### Instructions to follow
Please give the listing again in full, leaving out its images.

### The data
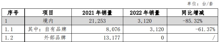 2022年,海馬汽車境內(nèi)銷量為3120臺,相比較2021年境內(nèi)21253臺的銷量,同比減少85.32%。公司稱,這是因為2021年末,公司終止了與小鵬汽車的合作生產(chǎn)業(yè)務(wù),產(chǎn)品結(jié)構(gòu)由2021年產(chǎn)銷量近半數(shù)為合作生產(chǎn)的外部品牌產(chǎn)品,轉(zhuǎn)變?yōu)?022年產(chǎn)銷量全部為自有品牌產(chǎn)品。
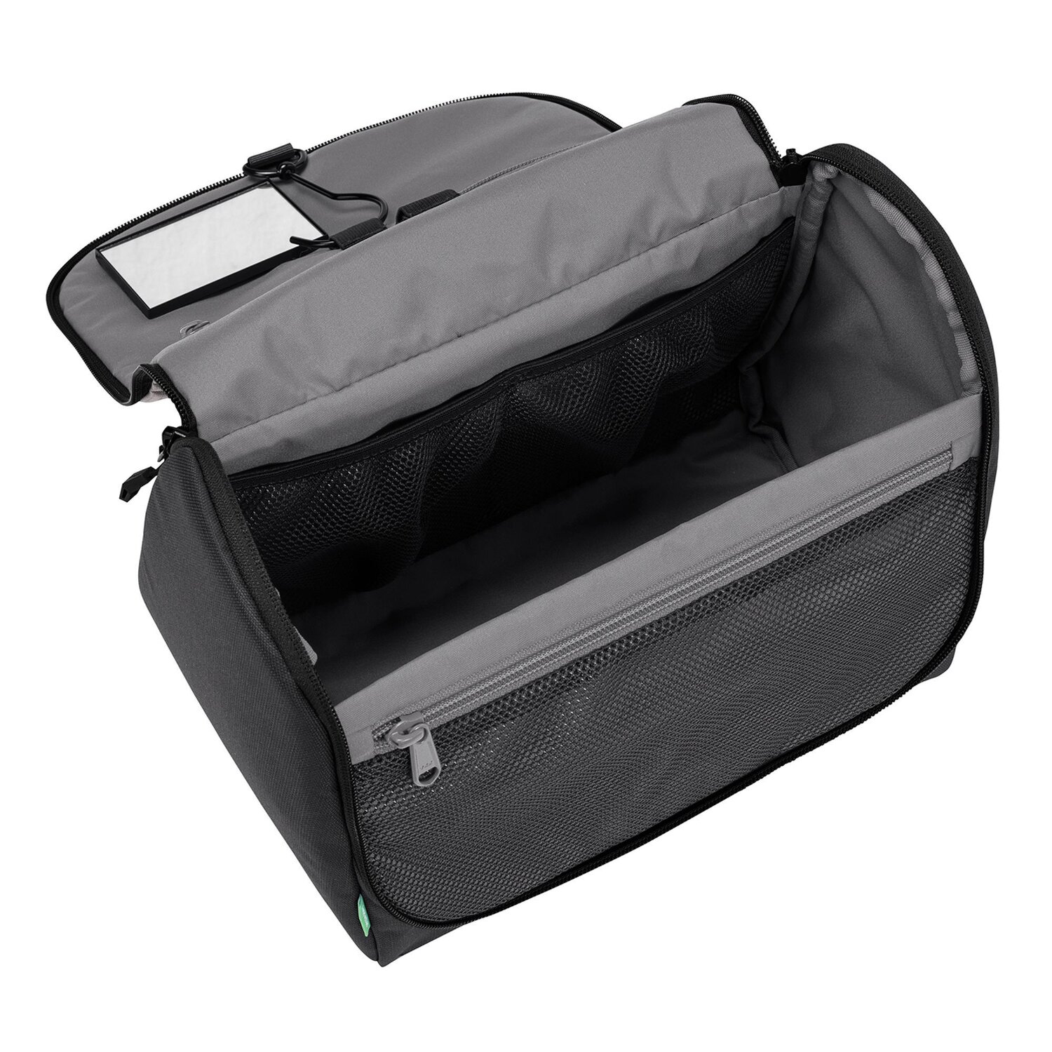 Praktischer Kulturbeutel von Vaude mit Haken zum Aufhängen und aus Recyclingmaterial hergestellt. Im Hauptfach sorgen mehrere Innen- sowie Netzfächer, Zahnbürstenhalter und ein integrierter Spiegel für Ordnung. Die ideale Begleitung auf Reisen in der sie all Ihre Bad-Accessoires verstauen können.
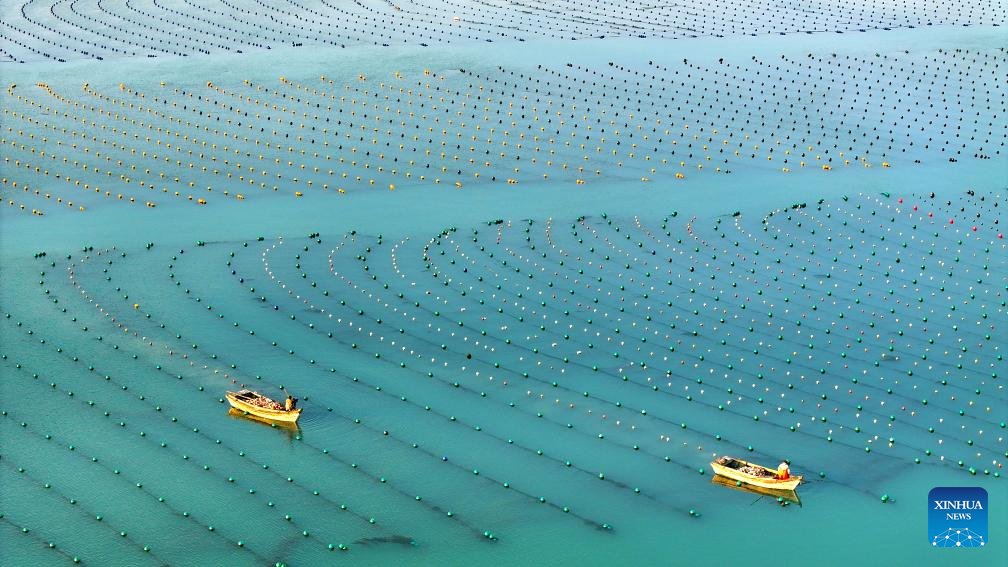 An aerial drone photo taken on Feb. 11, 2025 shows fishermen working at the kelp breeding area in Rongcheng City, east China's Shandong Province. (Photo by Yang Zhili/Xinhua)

### Written solution
 2022年,海馬汽車境內(nèi)銷量為3120臺,相比較2021年境內(nèi)21253臺的銷量,同比減少85.32%。公司稱,這是因為2021年末,公司終止了與小鵬汽車的合作生產(chǎn)業(yè)務(wù),產(chǎn)品結(jié)構(gòu)由2021年產(chǎn)銷量近半數(shù)為合作生產(chǎn)的外部品牌產(chǎn)品,轉(zhuǎn)變?yōu)?022年產(chǎn)銷量全部為自有品牌產(chǎn)品。
 Praktischer Kulturbeutel von Vaude mit Haken zum Aufhängen und aus Recyclingmaterial hergestellt. Im Hauptfach sorgen mehrere Innen- sowie Netzfächer, Zahnbürstenhalter und ein integrierter Spiegel für Ordnung. Die ideale Begleitung auf Reisen in der sie all Ihre Bad-Accessoires verstauen können.
 An aerial drone photo taken on Feb. 11, 2025 shows fishermen working at the kelp breeding area in Rongcheng City, east China's Shandong Province. (Photo by Yang Zhili/Xinhua)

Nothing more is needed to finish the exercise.